L’on dit que la Cour évoque l’affaire sans qu’il soit besoin de renvoyer. Elle vide elle-même
le contentieux, le contentieux électoral en particulier. Le calendrier électoral contraignant
commande un office du juge pragmatique et diligent. Chaque étape du processus électoral étant
encadrée dans des délais rigoureux, le juge fait preuve de célérité.
Un recensement des arrêts de la Cour suprême met en évidence sa forte conviction, celle de ne
pas renvoyer en matière électorale.
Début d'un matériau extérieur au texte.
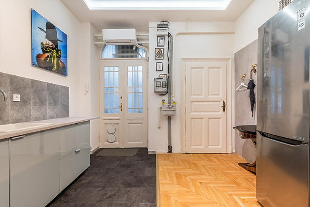 Budapest belvárosának egyik legkedveltebb utcájában, a VI. kerületi Ó utcában, eladóvá vált egy 73 négyzetméteres, 1. emeleti, kiváló állapotú lakás, amely nemcsak elhelyezkedésével, hanem elrendezésével is igazán különleges. Az ingatlan 2 tágas, világos szobával rendelkezik, amelyek egybe és külön is nyílóak – ezáltal tökéletesen alkalmazkodnak a különböző élethelyzetekhez, legyen szó otthonról, irodáról vagy vendégfogadásról. Továbbá 2 külön fürdőszoba szolgálja a lakók kényelmét, ami igazán ritka és praktikus megoldás. A lakás újszerű állapotban van, esztétikailag és műszakilag is kifogástalan. Modern burkolatok, minőségi nyílászárók, korszerű fűtésrendszer és kellemes, világos belső terek jellemzik. Az adatok tájékoztató jellegű.

C’est ce que révèle l’analyse du répertoire de ses arrêts
rendus dans des affaires relevant de la matière électorale, comme en témoignent les arrêts
suivants : arrêt n° 34 du 24 juin 2014 (Mamadou Diallo c/ ministre de l’intérieure) ; arrêt n°
51 du 25 septembre 2014 Aïssata Tall SALL et Mamoudou WONE c/ coalition and liggeyal
Podor ministre de l’intérieur et Etat du Sénégal ; arrêt n° 02 du 8 janvier 2015 Mbenda
NDIAYE, Sokhna Seynabou MBACKE et Ndèye Lobé LAM c/ Conseil municipal de Kaolack
et ministère chargé des élections.
La question qu’on pose est celle de savoir qu’est-ce que justifie qu’un juge électoral, qui a
toujours fait preuve de diligence pour la sauvegarde du calendrier électoral, décide lui-même
d’être artisan d’un feuilleton judiciaire qui échappe à toute maîtrise temporelle ?
Qu’est ce qui empêche la Cour suprême d’affronter la question de droit qui se pose, de la
trancher par une démonstration juridique ? Juge de droit, elle doit être en mesure de vider le
litige en mobilisant des moyens solides au soutien d’une décision révélatrice de son intime
conviction.
La Cour a choisi une autre voie, celle de laisser le contentieux s’enliser. C’est le contentieux
électoral qui en sort malmener ; la liberté de candidature abîmée.